The product of years of serious analysis and hard-won insights, The Equity Risk Premium is essential reading for institutional investors, money managers, corporate financial officers, and all others who require a higher level of market analysis.
"The Equity Risk Premium plays a critical role in legal and regulatory matters related to corporate finance. Along with the cost of debt, it is the most important determinant of a company's cost of capital. As such, it is an integral part of the decision-making process in corporate finance. For instance, whether or not a major acquisition makes sense can depend on the assumed value of the equity risk premium. In addition, the equity risk premium is an issue that regulatory bodies consider when they set fair rates of return for regulated companies. Cornell's book is an important contribution because it includes both an historical analysis of the equity risk premium and provides tools for forecasting reasonable levels of the risk premium in the years ahead."-Theodore N. Miller, Partner, Sidley & Austin.

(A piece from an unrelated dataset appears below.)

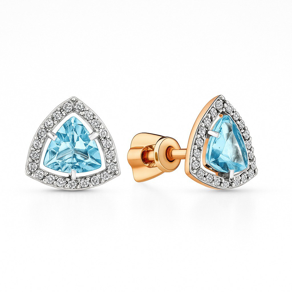 Серьги пусеты с голубыми топазами swiss и кристальными фианитами выполнены из красного золота 585 пробы. Выразительные топазы необычной треугольной формы огранки, подчеркнутые сверкающими фианитами, привлекают своей красотой и ярким удивительным блеском. Современный дизайн отлично дополнит повседневный или вечерний наряд владелицы. Приобретайте пусеты по выгодной цене в магазинах Мир Золота.
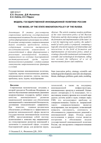 В статье рассмотрены современные проблемы государственной инновационной политики России и недостатки модели формирования и реализации последней. В качестве инструмента совершенствования такой политики предложена модель, содержащая логически выстроенную последовательность взаимосвязей и взаимодействий в сфере формирования и реализации инновационной политики, направленную на создание благоприятной институциональной среды научно- технологического развития с учетом влияния совокупности макроэкономических факторов и условий.

"Estimating how well stocks will do in the future from how well they have done in the past is like driving a car while looking in the rearview mirror. Brad Cornell provides us with an important forward-looking view in this easily understood guide to the equity risk premium and confounds the popular view that stocks will do well in the future because they have done well in the past."-Michael Brennan, Past President of the American Finance Association and Professor of Finance at the University of California at Los Angeles.